If the spec introduces a new list view, is sort order explicitly defined? Unspecified = whatever the underlying collection happens to yield = unpredictable UX. Premium apps always specify (most recent first, alphabetical, manual drag, etc).

Risk surfaces: every new list/table introduced by the spec.

## Domain-specific extensions

The 15 above are the generic perceived-quality surface. Add domain-specific quality risks before running:

- **macOS apps**: dock icon behavior, menu bar icon, About panel, Sparkle/auto-update flow, DMG vs PKG, code signing & notarization framing
- **Web apps**: SSR vs CSR loading flicker, dark mode, mobile responsive, browser back-button preservation
- **CLI tools**: `--help` quality, color in pipes, exit codes, progress on stderr, `man` page presence
- **Developer tools**: TTHW (time-to-hello-world), error message quality, doc discoverability

Use the existing peer apps in the user's domain as the comparison baseline.

## How to run the check

For each category:

1. **State the question** — one sentence.
2. **Locate the risk surface** — which spec section, which code file, which user flow?
3. **Verify against code**, do not assume. If the spec says "extend `PlanStore`", read `PlanStore.swift` to confirm the extension is sane.
4. **Compare to peer apps** — when in doubt: "how does Linear handle empty inbox?", "how does Raycast handle command not found?". Cite the comparison.
5. **Report**: `N/A` (with reason) / `HANDLED` (point to where) / `NOT HANDLED — proposed fix` (concrete, file/section-anchored).

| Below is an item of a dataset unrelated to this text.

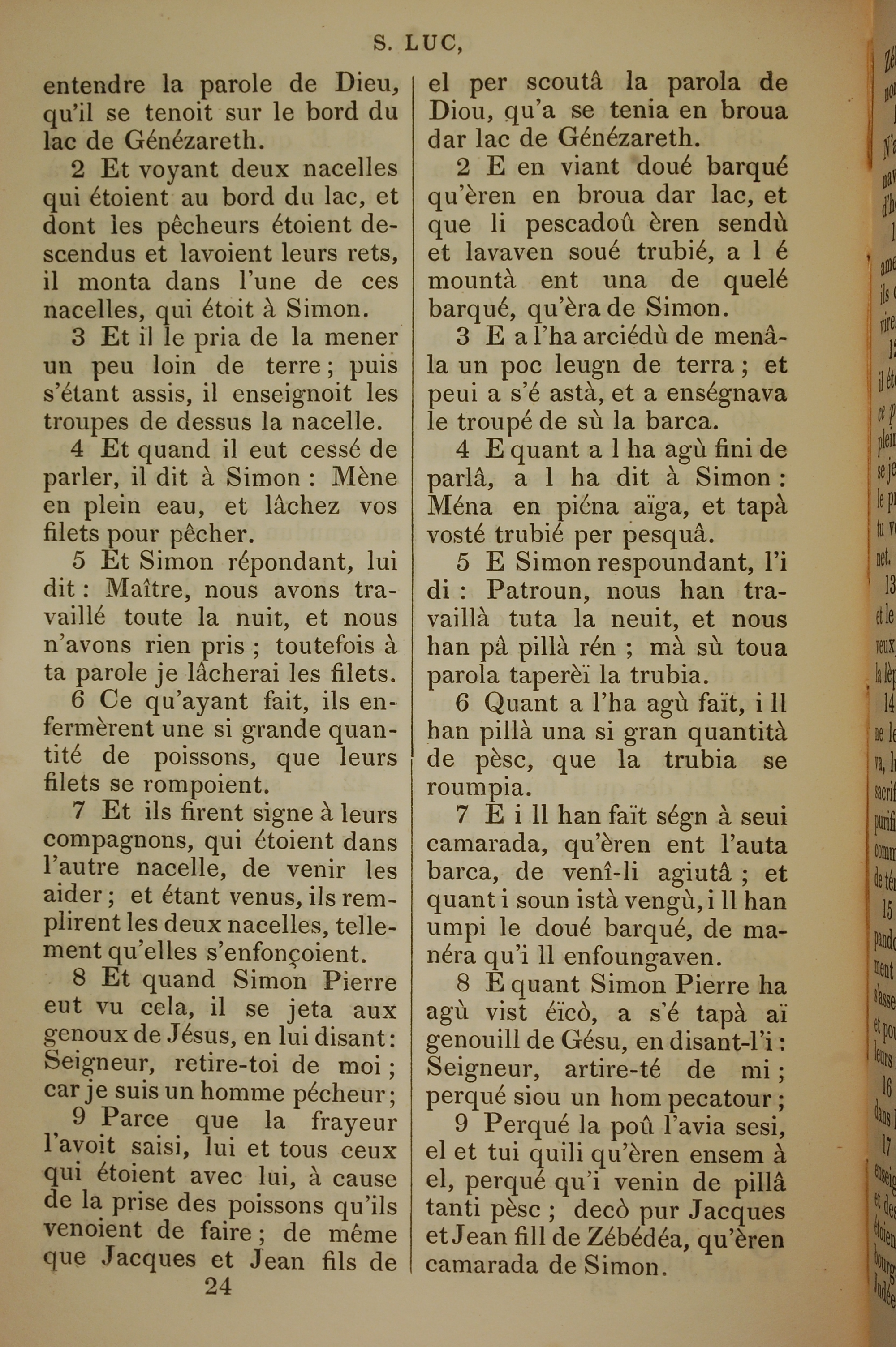 1832年法文聖經路加福音及約翰福音 路加福音 5 章 2 節到 5 章 9 節

Concrete findings only. Never vague advice like "consider improving error handling". Every NOT HANDLED finding must include a proposed fix that names a file, a function, or a spec section.

## Output format

```
Quality review —

CRITICAL (will make the app feel broken on first use):
- Q<N>. <one-line finding> — <risk surface> → <concrete fix with file/section reference>
- ...

SIGNIFICANT (erodes quality over time):
- Q<N>. <finding> → <fix>
- ...

POLISH (premium-feel gap, but not blocking):
- Q<N>. <finding> → <fix>
- ...

Peer comparison: <which premium peer was used as the bar, and how this artifact stacks up>

Verdict: SHIP-READY | NEEDS PATCH (critical issues found) | NEEDS POLISH (significant issues found)
```

If `SHIP-READY`: hand off to implementation.
If `NEEDS PATCH`: fix critical findings, re-run quality-review.
If `NEEDS POLISH`: surface to user with explicit choice — fix now, or defer with a tracked debt note.

## Severity rubric

- **CRITICAL** — first-use experience will feel broken. Silent failures, missing empty states on the primary flow, scope leakage (workspace mixing), data loss without warning.
- **SIGNIFICANT** — works, but premium feel erodes within first week. No loading states on slow ops, generic error toasts, unspecified sort order, hardcoded strings in a localized codebase.
- **POLISH** — the gap between "good" and "Linear/Raycast-tier". Default animations, missing keyboard shortcuts, sudo flow framed as toast, etc.

Be honest about severity. A POLISH finding should not be elevated to CRITICAL just to force action.

## Example finding (tone & precision)

```
Q8. Per-workspace isolation missing. PlanStore.shared is a global singleton
persisting to a single plan-cards.json. The app has workspaces, and all other
state objects (HealthEngine, AIChatViewModel) are workspace-scoped. Plan Cards
generated in workspace "Home" will appear in workspace "client-project". This
breaks the mental model on first multi-workspace use.

Risk surface: spec §4.2 ("Persistence"); code at PlanStore.swift:14.
Fix: persist to ~/Library/Application Support/<app>/workspaces/<workspace-id>/plan-cards.json.
Make PlanStore workspace-injected, not a singleton. Update spec §4.2 to specify
the path template and migration plan for existing global state.
```

That is the bar. File path, line number, peer-app comparison where relevant, concrete fix.

## What this skill is NOT

- Not a bug hunt — that's `pitfall-verification`.
- Not a security audit — that's `cso`.
- Not a visual/design review of an existing UI — that's `design-review` (live) or `plan-design-review` (plan).
- Not a developer-experience review — that's `plan-devex-review`.
- Not a code style review.

It is the *perceived-quality gate* between "spec written" and "implementation begins". Catch the cheap-feeling decisions before they ship.